If you're injured, losing weight is not only difficult, but the entire situation can create a downward spiral of increasingly poor health. Because you're hurt, you can't exercise to help yourself lose weight. The extra weight impacts your health, including your ability to heal from the injury. To maintain a healthy weight while injured, all of your progress has to come from close attention to your diet. Your weight loss won't be as fast as if you could support it with exercise, but it will come if you're faithful to your diet plan.
Spend one week keeping track of your activity level, using one-hour or half-hour increments. At the end of the week, use a calorie burn estimator to calculate how many calories you burned over the course of the week.
Divide the number of calories burned by seven. This is your average calorie burn per day.

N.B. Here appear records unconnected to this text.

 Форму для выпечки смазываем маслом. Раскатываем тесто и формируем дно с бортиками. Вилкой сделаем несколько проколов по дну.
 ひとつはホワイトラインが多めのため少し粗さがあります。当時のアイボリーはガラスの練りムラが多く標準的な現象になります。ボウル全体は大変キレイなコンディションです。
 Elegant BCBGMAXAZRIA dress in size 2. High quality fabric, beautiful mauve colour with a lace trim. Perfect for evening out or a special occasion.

It's likely that, since you're recuperating, this will be significantly lower than the average 1,800 to 2,400 calories burned by most adults.

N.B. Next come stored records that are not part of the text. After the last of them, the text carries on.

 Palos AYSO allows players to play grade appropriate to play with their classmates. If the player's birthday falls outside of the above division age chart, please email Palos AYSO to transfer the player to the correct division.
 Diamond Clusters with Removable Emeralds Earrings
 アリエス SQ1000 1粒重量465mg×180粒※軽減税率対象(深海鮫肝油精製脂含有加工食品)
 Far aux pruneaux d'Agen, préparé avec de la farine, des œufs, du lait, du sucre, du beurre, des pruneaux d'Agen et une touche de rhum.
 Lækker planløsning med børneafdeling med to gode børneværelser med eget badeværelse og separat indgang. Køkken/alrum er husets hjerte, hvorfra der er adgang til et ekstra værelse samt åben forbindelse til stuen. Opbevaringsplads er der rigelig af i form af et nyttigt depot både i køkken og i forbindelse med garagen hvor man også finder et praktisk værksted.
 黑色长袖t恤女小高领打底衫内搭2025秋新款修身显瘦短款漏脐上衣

Develop a diet plan in which you eat 500 to 600 fewer calories per day than you burn. You can use written or online resources to create this diet. If you're going to physical therapy or the hospital as part of your recuperation, the staff there may be able to help you with this.

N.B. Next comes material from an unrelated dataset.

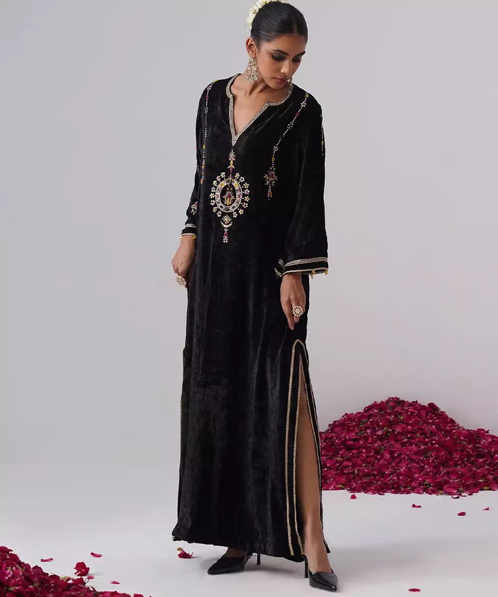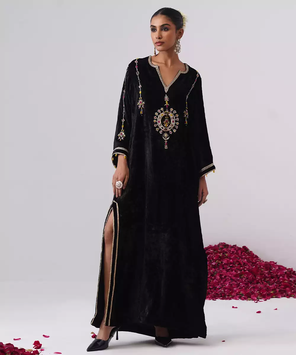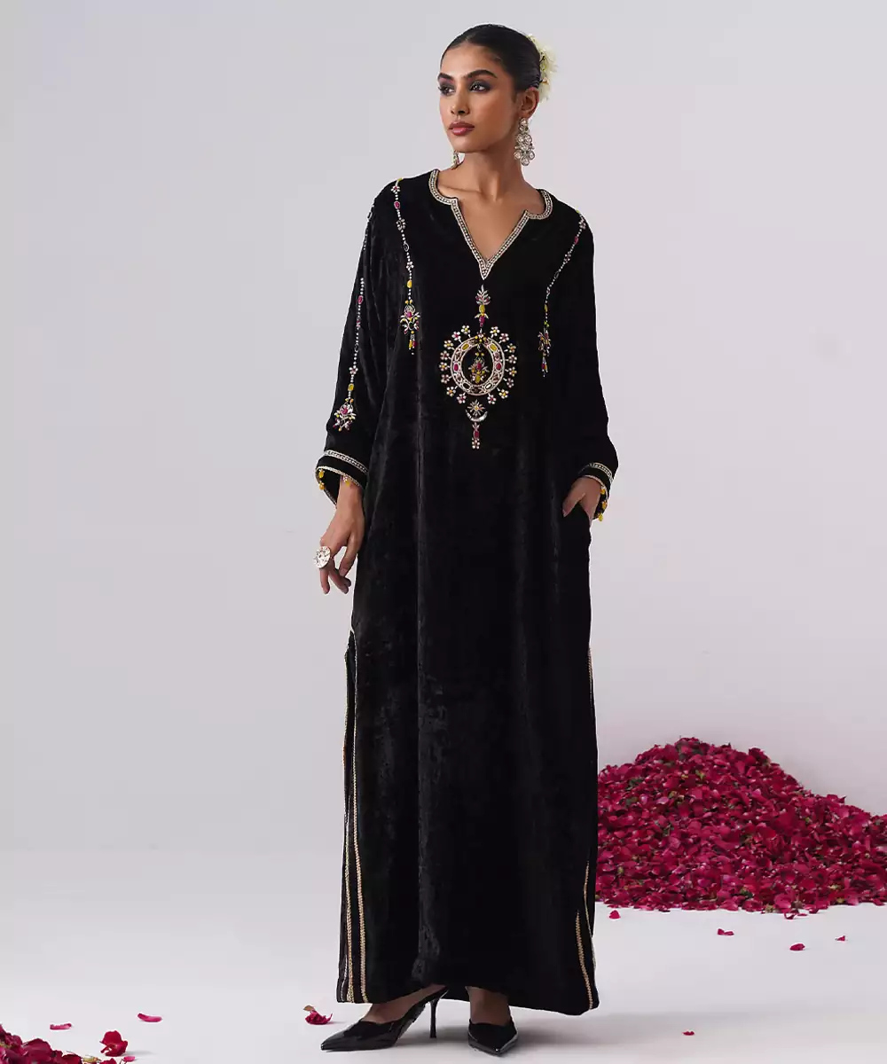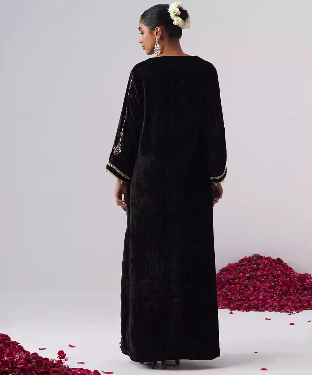 This Black Embroidered Velvet Kaftan Exudes Luxurious Elegance And Timeless Sophistication. Crafted From Rich, Soft Velvet, It Features Intricate Embroidery That Adds A Regal, Refined Touch. Perfect For Evening Gatherings And Festive Occasions, It Offers A Graceful Flow, Comfortable Fit, And Effortlessly Glamorous Appeal.

Base your diet plan on six small meals per day rather than three large meals. This helps regulate your blood sugar and helps you to avoid food cravings between meals.
Eliminate low-value, high-calorie foods like sweets and refined carbohydrates from your diet. Lean proteins, fruits and vegetables provide more value and let you eat more while remaining inside your calorie budget.
Take a multivitamin to help you get all the nutrition you need despite eating less. Check with your medical team to see if there are also specific supplements you can take to help you heal from your particular injury.
Talk with your doctor about what exercise you can do. Very few injuries are actually so severe that you can't exercise at all. Try to develop a simple workout plan -- even if it's only attending your physical therapy -- to increase your daily calorie burn. This means you get to eat more, which makes the weight loss that much easier.
Weigh in once each week to check your progress. Under this plan, you'll lose about 1 lb. per week -- the maximum rate of healthy weight loss using only diet, according to Kaiser Permanente's "Healthwise Handbook." If your injury restricts your mobility too much to use a scale at home, keep track of your weight when they check it for your doctor visits.
You should always check with your doctor before beginning any weight-loss program, but it's even more important when you're recovering from an injury. Make certain that your weight-loss diet won't interfere with your recuperation.